One frequently encountered provision in software license, support or development agreements is an employee non-solicitation clause, in which the customer agrees not to solicit, recruit or hire the vendor's employees during the term of the agreement and for a period of time thereafter, typically six to twelve months. While such clauses can lead to acrimony during negotiations, for the most part customers typically understand the reasoning of and the need for such clauses, and most often agree to them in some form.

What may not be widely understood, however, is that such clauses may run afoul of California's statutory prohibition against non-competition covenants, embodied in section 16600 of California's Business & Professions Code. This statute renders void and unenforceable "every contract by which anyone is restrained from engaging in a lawful profession, trade or business of any kind …." Any company domiciled in California, or any company doing business with a California company, should be aware of the issues and risks employee non-solicitation and similar no-hire clauses resulting from application of section 16600.

Non-compete agreements directly between employers and employees are most commonly viewed as being the subject of section 16600. However, a 2007 California Court of Appeals decision demonstrates that even business-to-business contracts which purport to restrict the mobility of employees can violate section 16600.  The case is VL Systems Inc. v. Unisen, Inc. (Cal. App. 4th Dist. 2007).

In this case, VL Systems, a systems consulting firm, entered into a consulting agreement with Unisen which contained a VL employee no-hire clause, obligating Unisen to pay liquidated damages to VL in the event Unisen hires any employee of VL during the contract's performance period and twelve months thereafter. After the contract services were completed, Unisen hired a former employee of VL as a result of an Internet directory listing. Unisen was aware of the fact that the employee had worked at VL and that the consulting contract contained the no-hire clause, but concluded that because this particular employee had no involvement in the provision of services to Unisen, the no-hire clause was not applicable (indeed, the employee in question was not even employed by VL at the time VL's performance of services to Unisen). VL brought suit against Unisen seeking to enforce the no-hire clause and recover the specified liquidated damages.
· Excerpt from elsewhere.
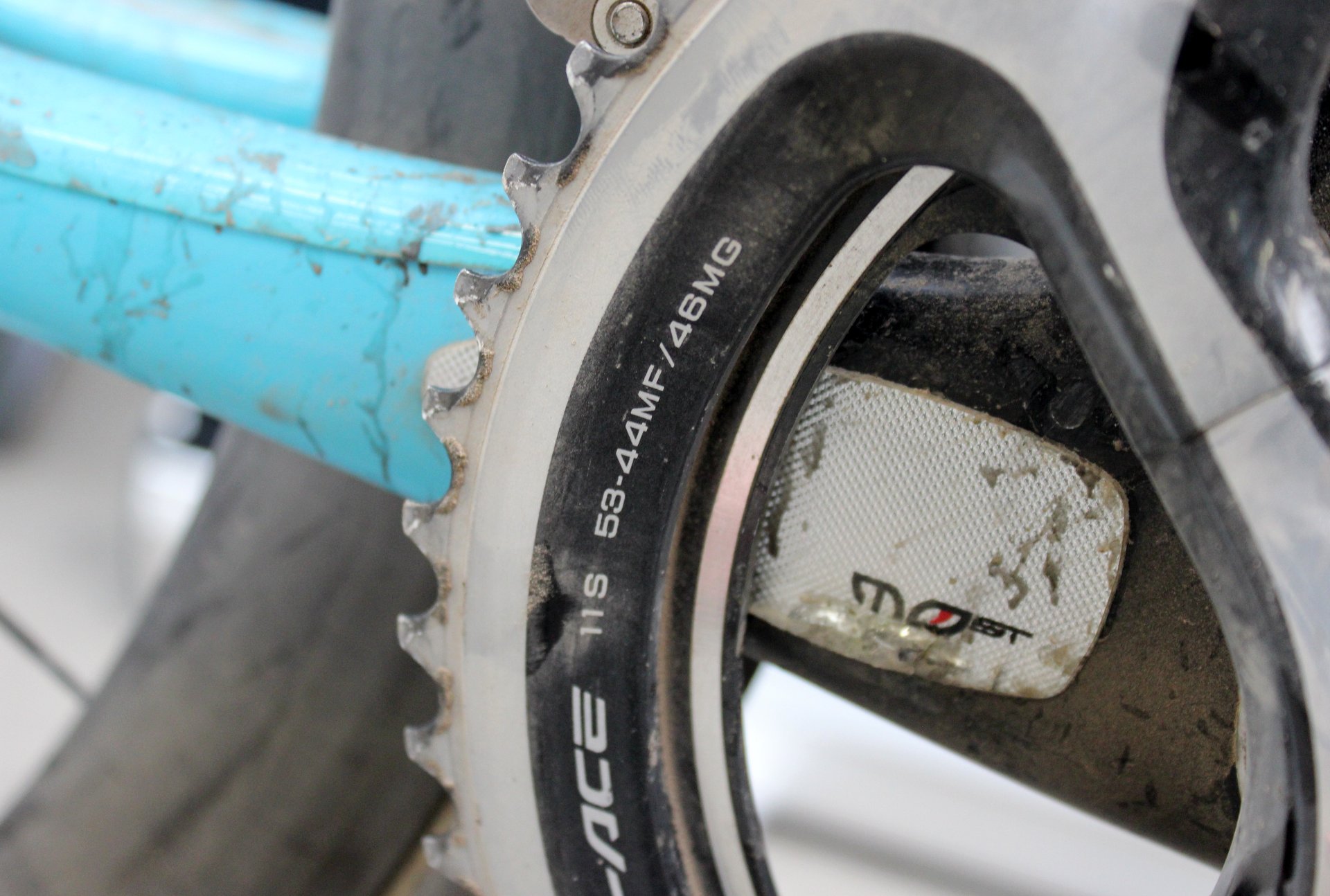 With the Paris-Roubaix course being largely flat, the majority of riders use a bigger inner chainring than normal, with Moscon option for a 53-44t combination.

The Court of Appeals rejected the claim, ruling that the no-hire clause, particularly as applied to this specific employee who had no involvement in providing services to Unisen, was void under section 16600 and unenforceable.  The court held, "… upholding such a contractual provision would unfairly narrow the mobility of an employee who had never worked for [Unisen] and had independently sought out … the job opportunity." Enforcement of such a clause "would present many of the same problems as [direct] covenants not to compete …."

The court was careful to note that its ruling was limited to the facts at issue. The court intimated that a more narrowly-drawn and limited no-hire clause, perhaps one that included within its scope only employees that actually performed services for the customer and/or that restricted only the solicitation, and not the hiring of, such employees, might be permissible under section 16600. It would appear that no-hire clauses which go beyond this face a significant risk of unenforceability.

Query whether requiring employees to agree not to solicit or poach fellow employees after that employee leaves is permissible under section 16600. It is noteworthy that the stakes in this context are much higher than mere unenforceability. California Labor Code § 432.5 provides, "No employer, or agent, manager, superintendent, or officer thereof, shall require any employee or applicant for employment to agree, in writing, to any term or condition which is known by such employer, or agent, manager, superintendent, or officer thereof to be prohibited by law."  An intentional violation of this provision is a criminal misdemeanor and exposes the violator to civil liability for treble damages and attorneys' fees.